Maia cobra fundo de bancos para apoiar ações contra coronavírus

Foto: Luís Macedo/Camara dos Deputados

O presidente da Câmara dos Deputados, Rodrigo Maia (DEM-RJ), aproveitou uma videoconferência com a federação que representa os bancos brasileiros para cobrar uma maior atuação das instituições financeiras no combate à pandemia gerada pelo novo coronavírus.

Maia participou de uma transmissão ao vivo com o presidente da Febraban, Isaac Sidney, para falar sobre crédito e medidas bancárias para amenizar os efeitos da crise provocada pela doença.

Segundo o deputado, há uma cobrança da sociedade por maior participação do sistema financeiro nas ações de combate ao coronavírus. A avaliação, disse, é que bancos estão sempre querendo “ter resultado positivo neste momento, ter lucro”.
“Se os bancos todos juntos fizessem um grande fundo de apoio ao Ministério da Saúde, de compra de equipamentos, eu sei que individualmente alguns já compraram, mas seria um gesto importante para a sociedade”, disse.

Maia elogiou a iniciativa do Itaú Unibanco, maior banco privado do país, de instituir um fundo para o combate à Covid-19. A instituição vai doar R$ 1 bilhão para viabilizar a iniciativa.

O recurso ficará sob a gestão da Fundação Itaú Unibanco e será administrado exclusivamente por um conselho de profissionais de saúde, onde estarão diretores de hospitais públicos e privados.

A contribuição de R$ 1 bilhão do Itaú será a maior iniciativa filantrópica já realizada individualmente para o combate ao novo coronavírus no Brasil e irá elevar a cifra desse tipo de doação no país para R$ 2,2 bilhões, segundo dados do Monitor de Doações Covid-19.

Com essa quantia, o banco terá, sozinho, feito doações que somam cerca de R$ 1,1 bilhão. O Itaú já havia doado R$ 83,6 milhões e também participado da contribuição conjunta com os outros dois maiores bancos privados do país, Bradesco e Santander, que somou R$ 80 milhões.

O deputado defendeu ainda que seja criada uma linha de crédito de bancos públicos e privados para atender a hospitais médios, que não são públicos ou Santas Casas e nem grandes redes de saúde. “Tem milhares de pequenas e médias empresas de saúde, de hospitais, que o capital de giro vai acabar, que não vão ter recursos para pagar salário”, afirmou. “As demandas aumentando, as despesas aumentando, e eles sem condições de capital de giro para pagar os salários desses profissionais da área de saúde.”

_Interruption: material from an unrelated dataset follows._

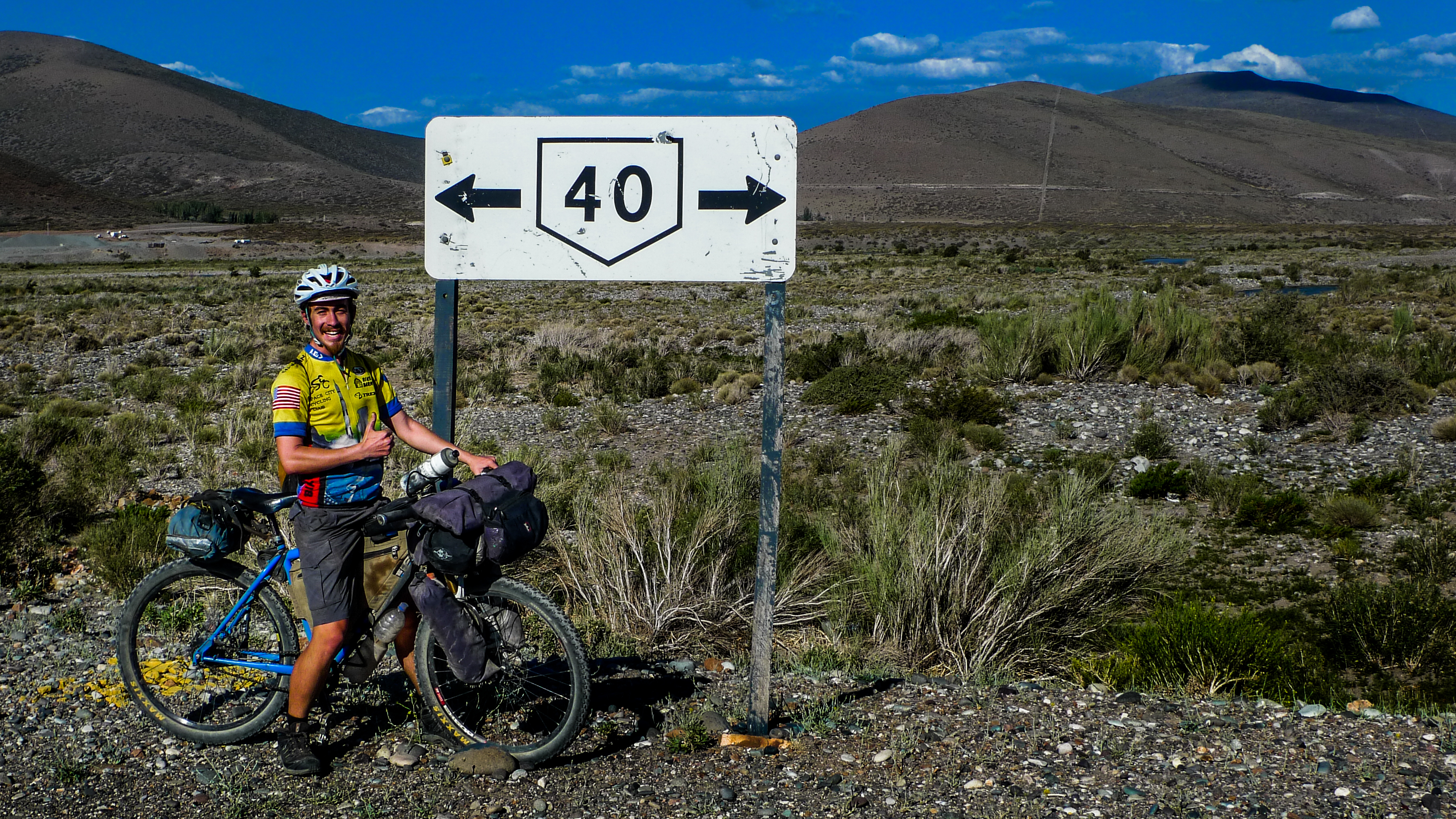 Deposited from the mountains onto Argentina’s famous Ruta 40. The 40 runs north-south along the Argentinean side of the Andes, and, comparable to the US’s Rt. 66, it’s a popular road-trip destination for motorists from across the globe. Roadside kilometer markers show the distance left to the southern end of the 40, under 3000km to go. There’s say 500km from the 40’s end to Ushuaia, so for anyone looking for the shortest distance left to go, there it is, only somewhere around 3500km left. But for Lee and me and Paul and most of us, there’s still a few more detours planned. There’s still another few months left. (Photo by Lee Vilinsky)
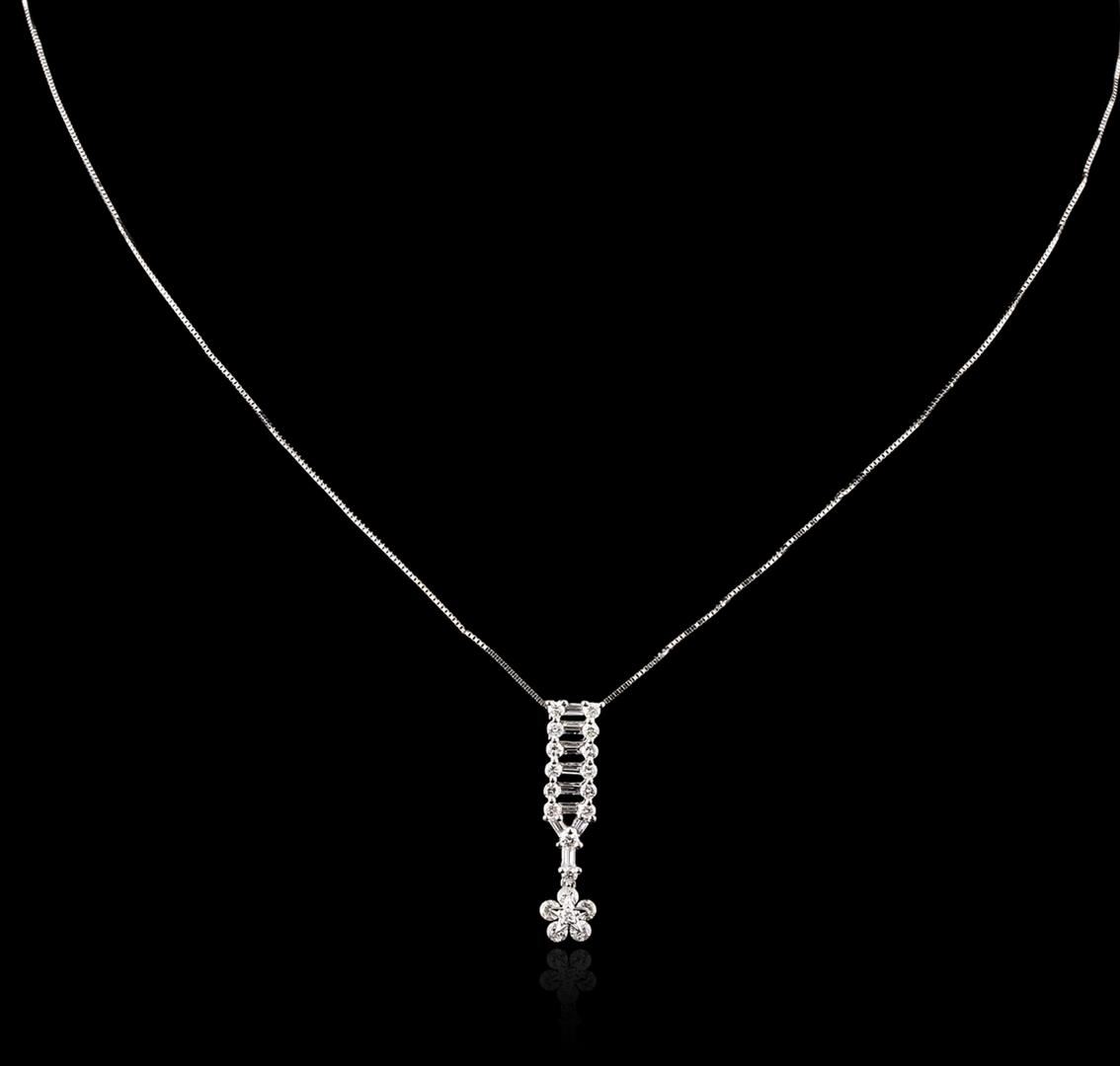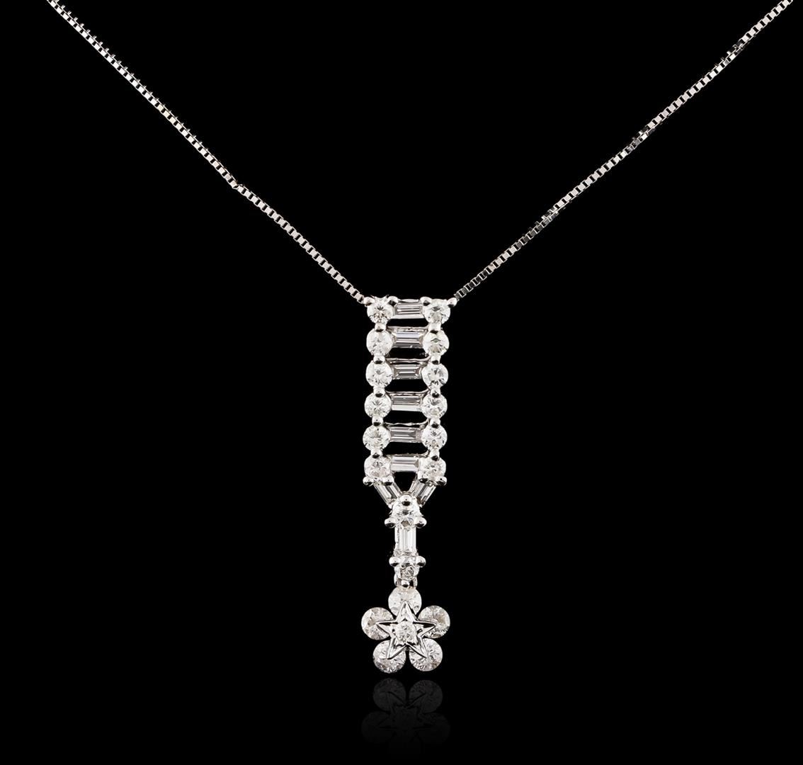 One pendant with chain featuring: 18KT white gold weighing 3.14 grams containing diamonds with a total weight of 0.73ct.

Ele criticou ainda um problema identificado no pagamento do auxílio de R$ 600 a trabalhadores informais. Clientes da Caixa Econômica reclamaram que a ajuda estava sendo debitada da conta para pagar dívidas já existentes. “A maioria das pessoas que foi lá [no banco] conseguiu, mas quem não conseguiu está multiplicando a reclamação contra o sistema financeiro”, disse.